Britain … Defined by the Junction Between Land and Sea

Plan
Outdoor spacw
Outdoor space

I was born by the sea in Morecambe. I weekend by the sea in Sussex. I have sprinkled my Mum’s, Nan’s and Pop’s ashes in the sea. And through work I spend a day or two every week working on coastal regeneration projects. I used to think the junction between land and sea defined us ‘Sandgrownuns’, but increasingly I suspect it is much bigger and manifests itself in all that is great and not so great about England.

Now, just as a kid, looking from land out to sea, hearing those waves hit the shore, it does something that sometimes stimulates, always relaxes and never disappoints. The big skies, the sea breezes, the otherworldliness of vast expanses of sand were the making of our coastline as places where towns and cities would empty out to. I remember the excitement, the laughter, the dancing, the oft unintelligible accents as Morecambe filled with Glaswegians during ‘Glasgow Fortnight’ or Yorkshire folk during the various ‘Factory Fortnights’. Morecambe, like a hundred resorts around Britain, opened new cafés, bars, hotels, lidos and amusements – and they thrived.
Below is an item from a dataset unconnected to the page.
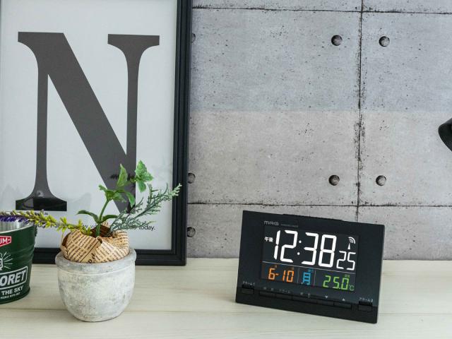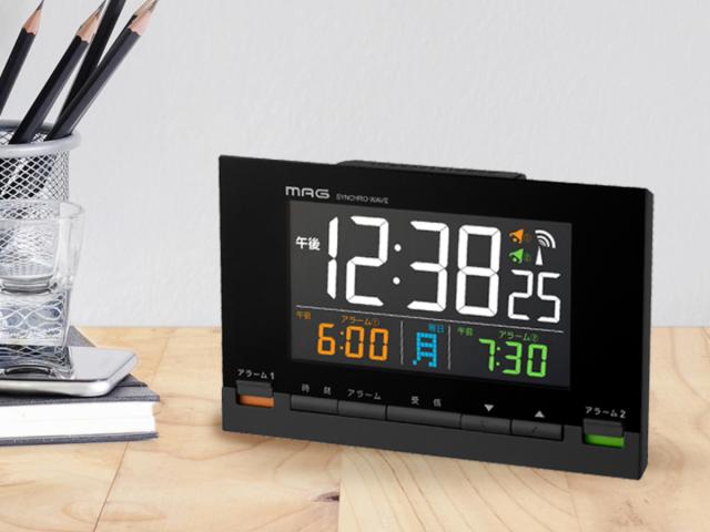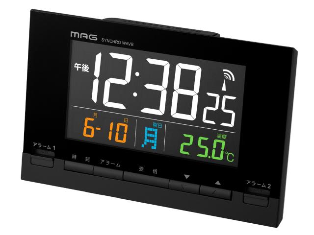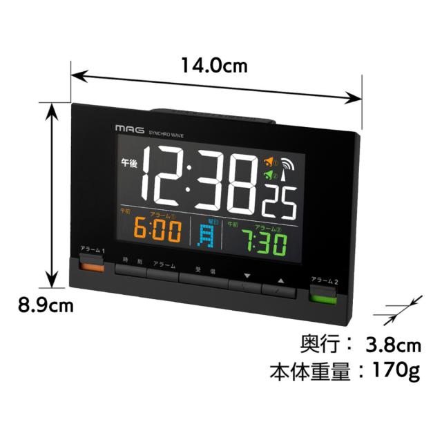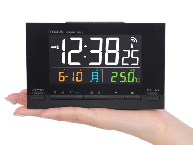 目覚まし時計 カラーデジット 電波時計 デジタル時計 MAG 温度計付き ( 時計 デジタル カレンダー アラーム スヌーズ 電子音 電波 温度 見やすい ブラック 黒 目覚まし 日付 曜日 24時間表示 AC電源 ダブルアラーム 明るさ調節 )

Britain’s outward looking history, sometimes positive, other times not, is wrapped up in making our way across the seas. Just as the builders of the British Empire looked across the seas, English holiday makers started to look outwards, colonising Benidorm, Torremolinos, Malaga, the Algarve and latterly Ibiza, leaving the once cherished British resorts to become ghost towns, prey to disastrous planning policies that allowed B&Bs to become the time bomb of Homes in Multiple Occupation (HMOs).

In pre-sustainable thinking times, it became a badge of cosmopolitan honour to holiday in Europe, drink sangria and eat paella. Europe, or rather southern Europe, was a place to explore, to bring new thinking back from – as well as sombreros and straw donkeys. It sparked a younger generation’s desire to explore hitherto ‘uncharted by Brits’ European cities. We could have hoped this would open our horizons, we’d grow out of being little Englanders and feel closer to Europe. But here we are pulling the Brexit drawbridge up, re-casting the junction with Europe as a moat.

At least switched-on new generations are slowly starting to rediscover our coastal towns, enjoy those big skies, heal those bastardised old B&Bs and look across the water to a more positive future.